How to complete this task
Further down are entries; set down exactly and only the lines from the one with "71953232 old postcard" up to and including the one with "DOC) Teks pranata", dropping each picture.

Information
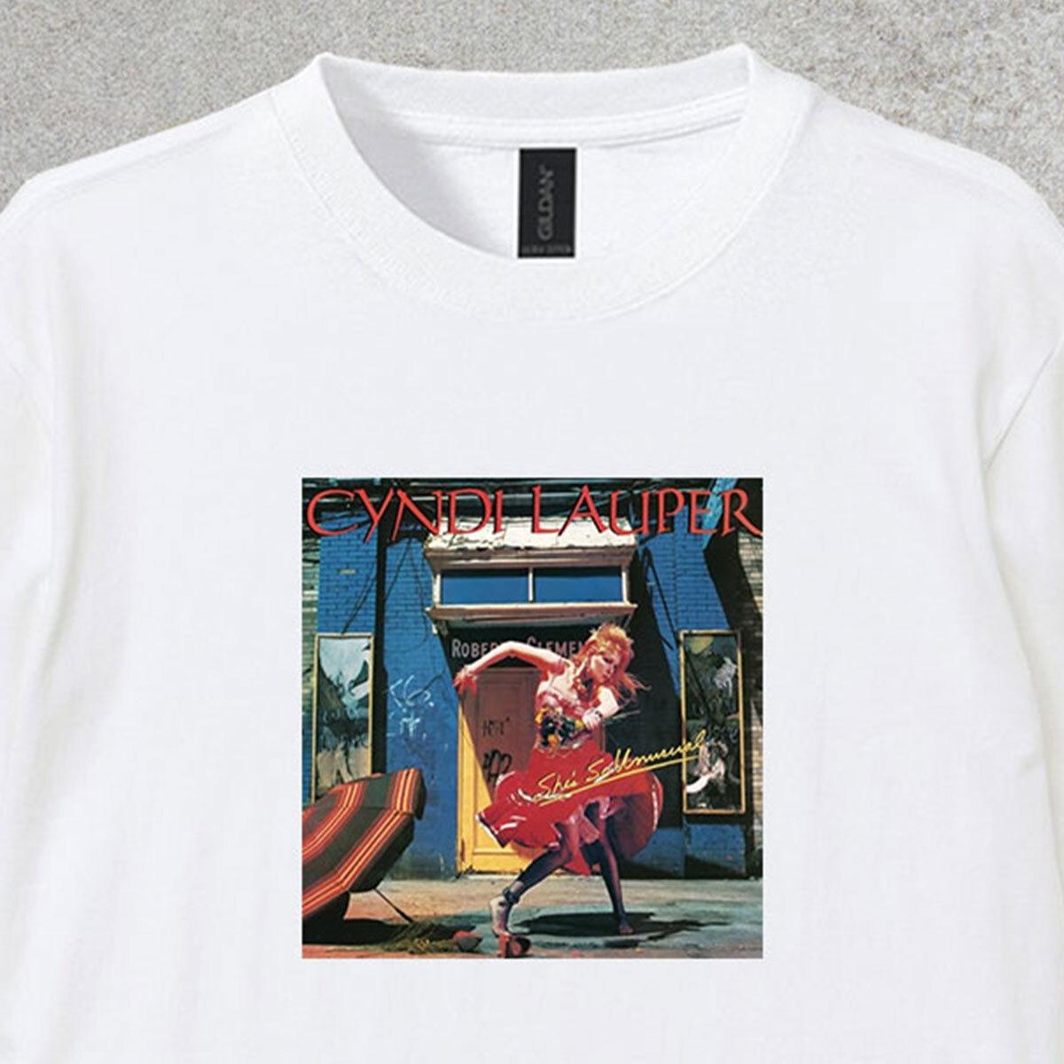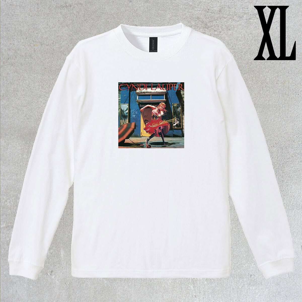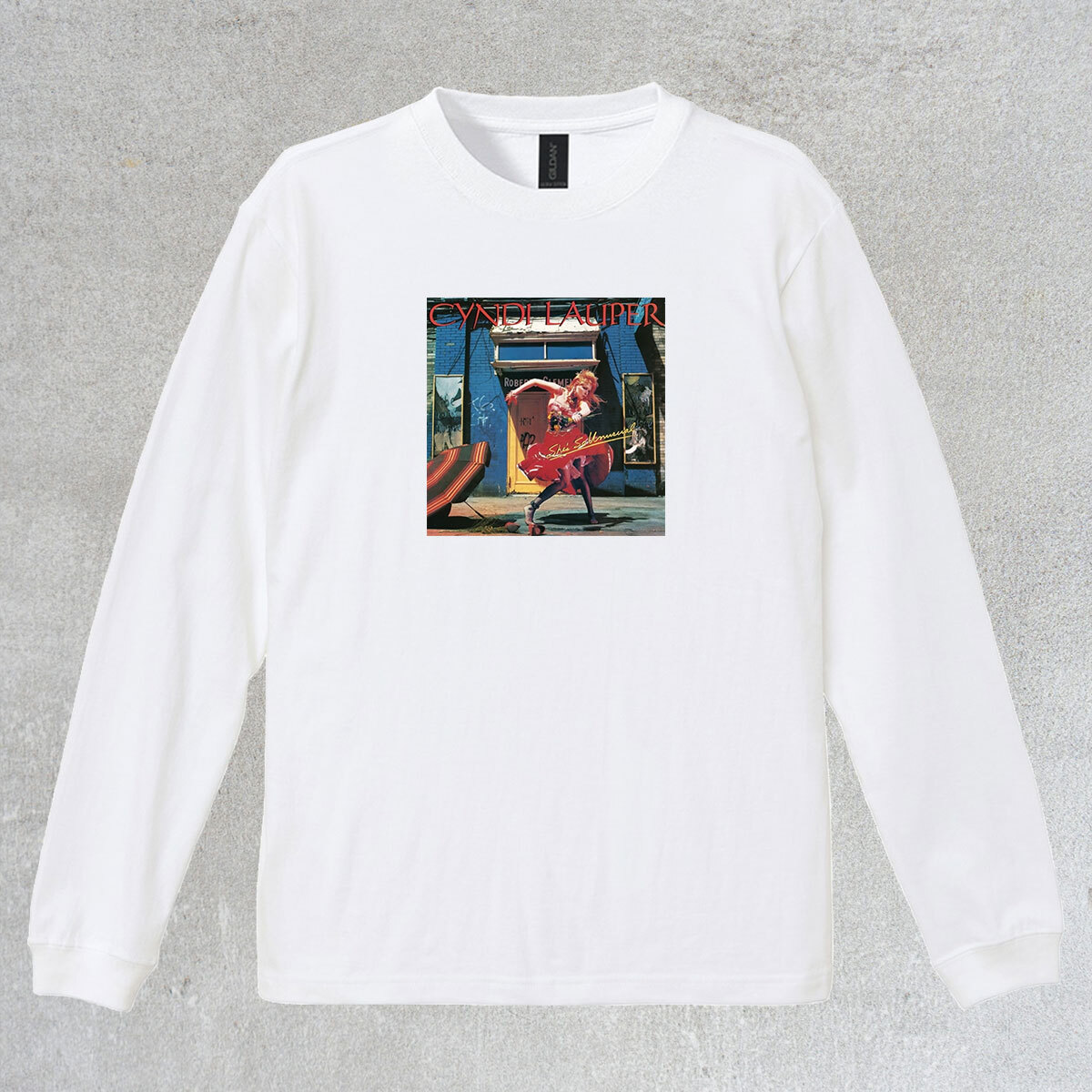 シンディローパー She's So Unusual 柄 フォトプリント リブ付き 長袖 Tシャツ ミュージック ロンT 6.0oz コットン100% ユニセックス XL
---
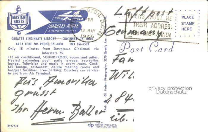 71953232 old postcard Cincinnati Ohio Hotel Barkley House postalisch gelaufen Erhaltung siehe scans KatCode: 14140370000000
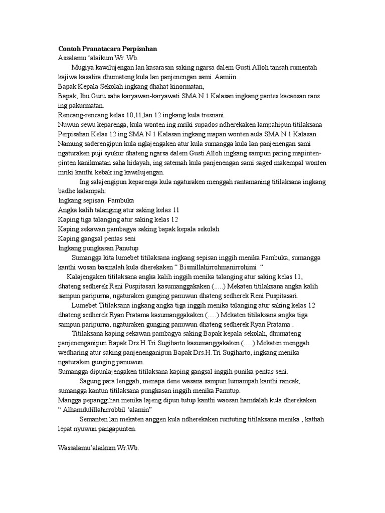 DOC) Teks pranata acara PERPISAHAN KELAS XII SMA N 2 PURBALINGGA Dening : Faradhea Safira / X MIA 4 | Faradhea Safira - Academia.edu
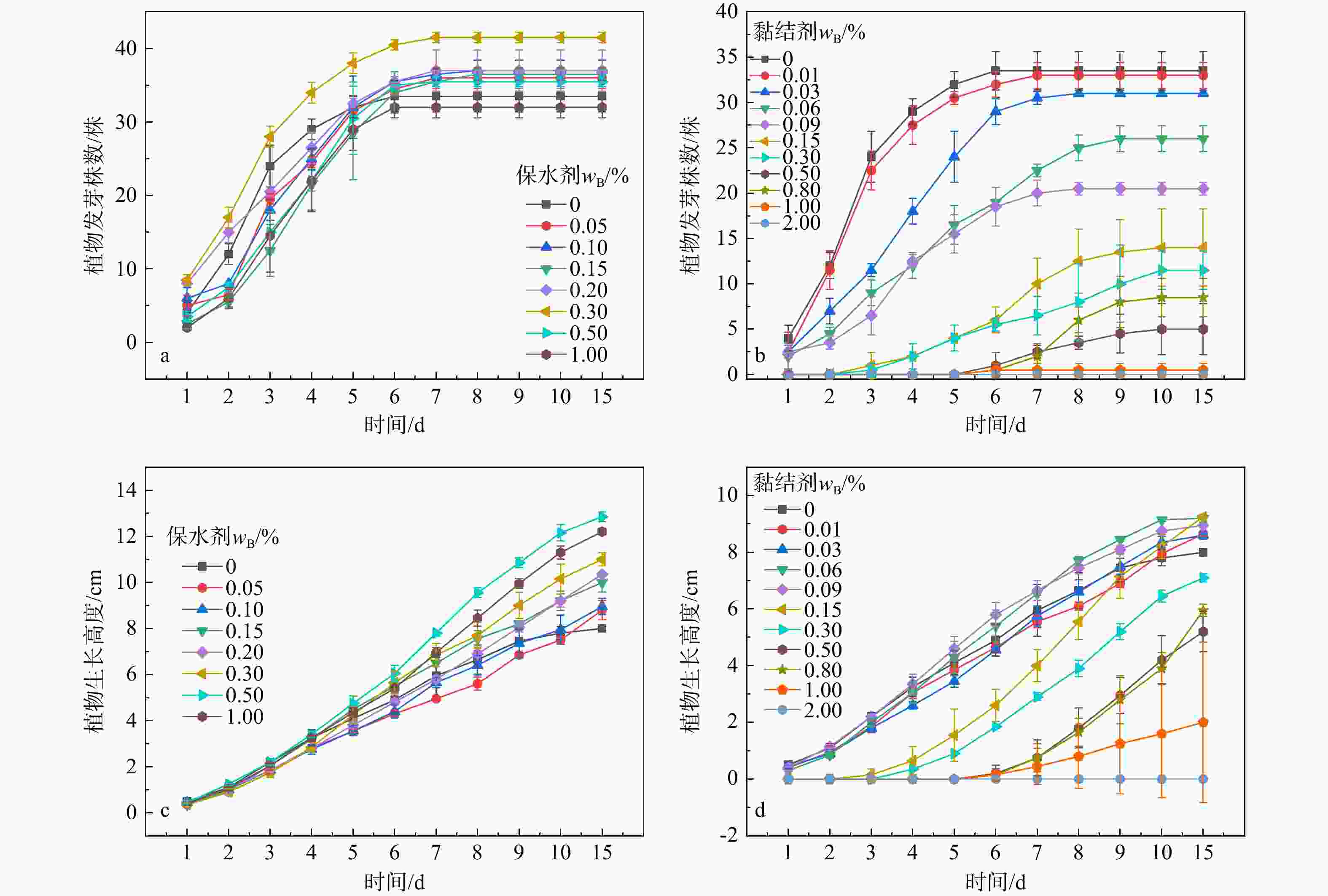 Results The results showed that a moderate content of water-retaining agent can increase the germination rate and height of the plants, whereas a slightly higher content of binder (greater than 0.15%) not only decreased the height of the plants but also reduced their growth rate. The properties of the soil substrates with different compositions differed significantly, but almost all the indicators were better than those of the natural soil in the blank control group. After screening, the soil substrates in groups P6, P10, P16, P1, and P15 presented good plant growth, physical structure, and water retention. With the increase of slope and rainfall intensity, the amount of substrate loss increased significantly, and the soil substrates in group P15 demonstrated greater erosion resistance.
* * *
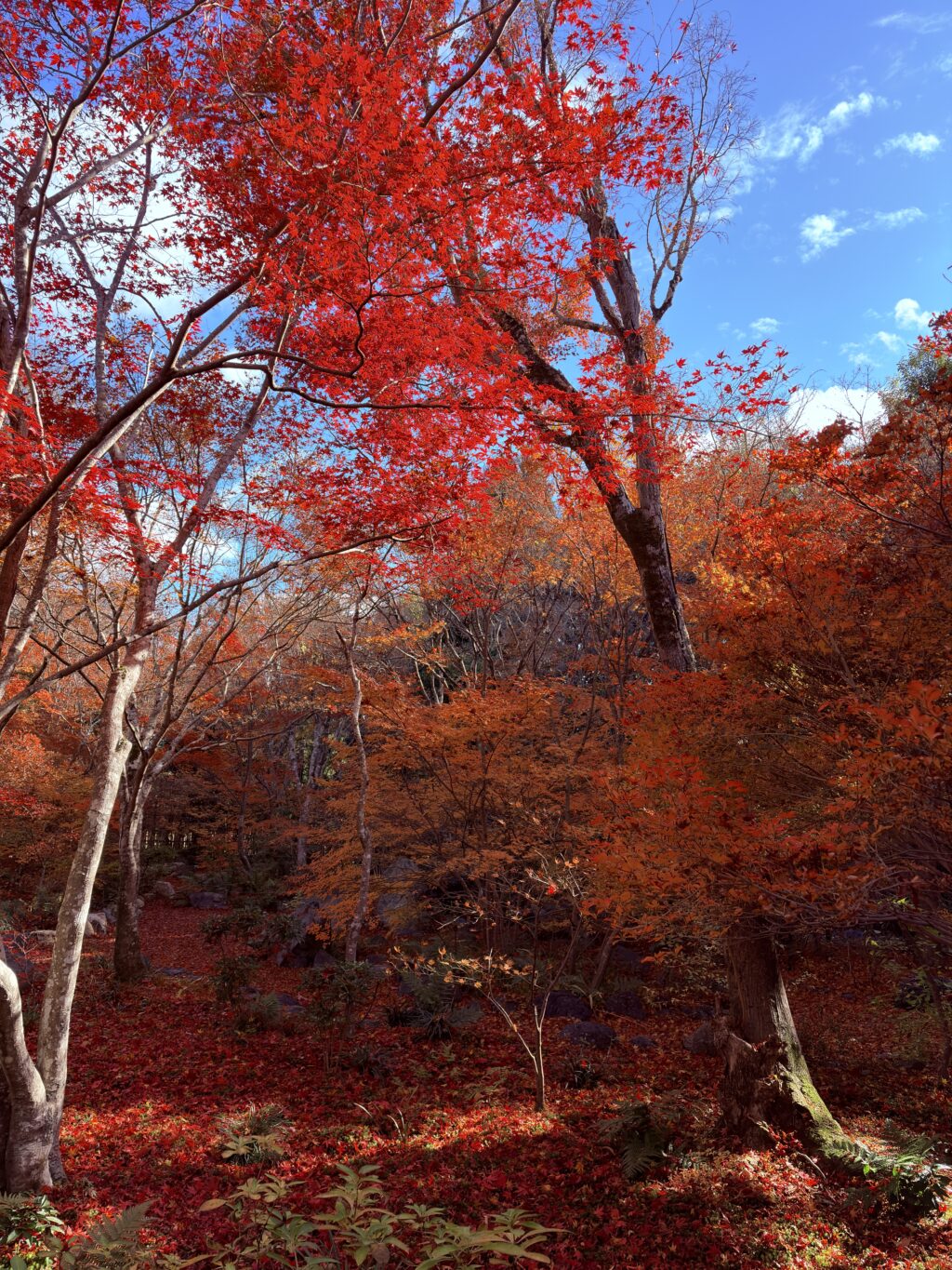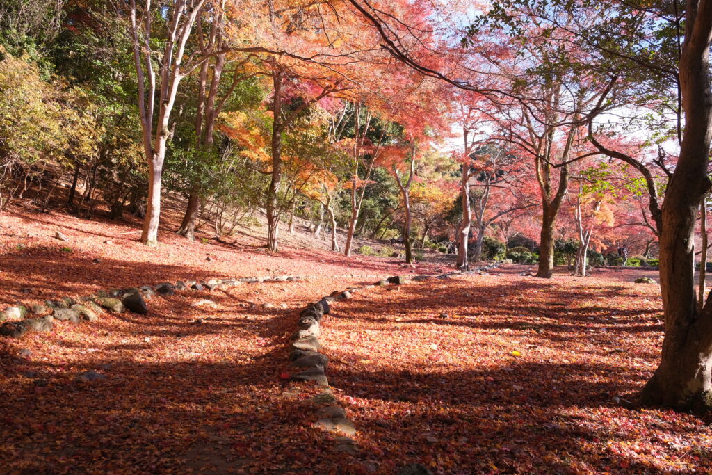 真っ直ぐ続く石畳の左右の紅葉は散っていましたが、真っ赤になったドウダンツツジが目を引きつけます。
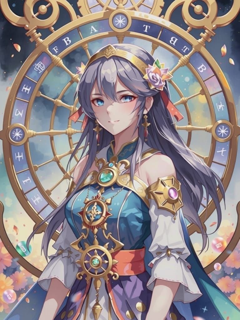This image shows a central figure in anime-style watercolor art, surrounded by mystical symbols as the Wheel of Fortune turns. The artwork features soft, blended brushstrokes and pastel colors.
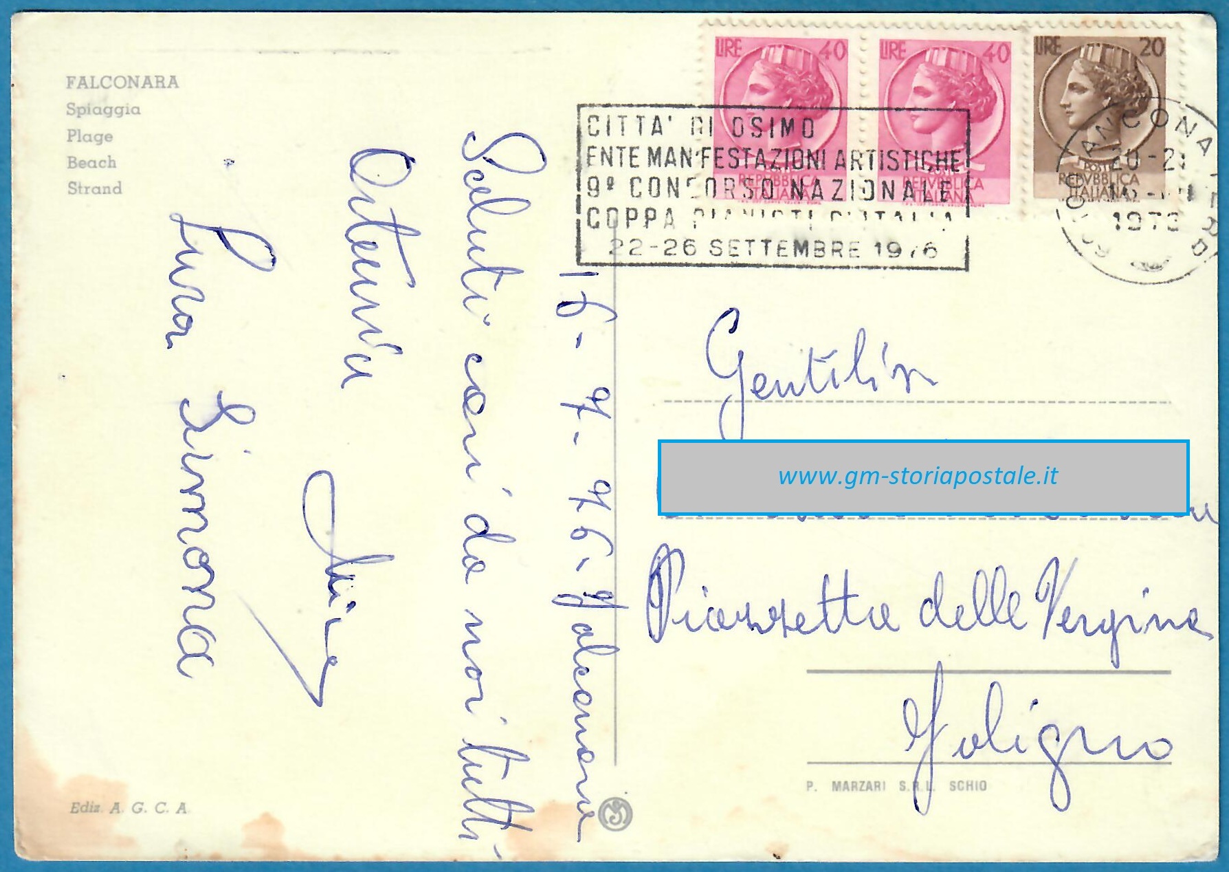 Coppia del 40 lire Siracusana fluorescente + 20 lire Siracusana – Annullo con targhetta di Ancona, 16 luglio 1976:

Response
 71953232 old postcard Cincinnati Ohio Hotel Barkley House postalisch gelaufen Erhaltung siehe scans KatCode: 14140370000000
 DOC) Teks pranata acara PERPISAHAN KELAS XII SMA N 2 PURBALINGGA Dening : Faradhea Safira / X MIA 4 | Faradhea Safira - Academia.edu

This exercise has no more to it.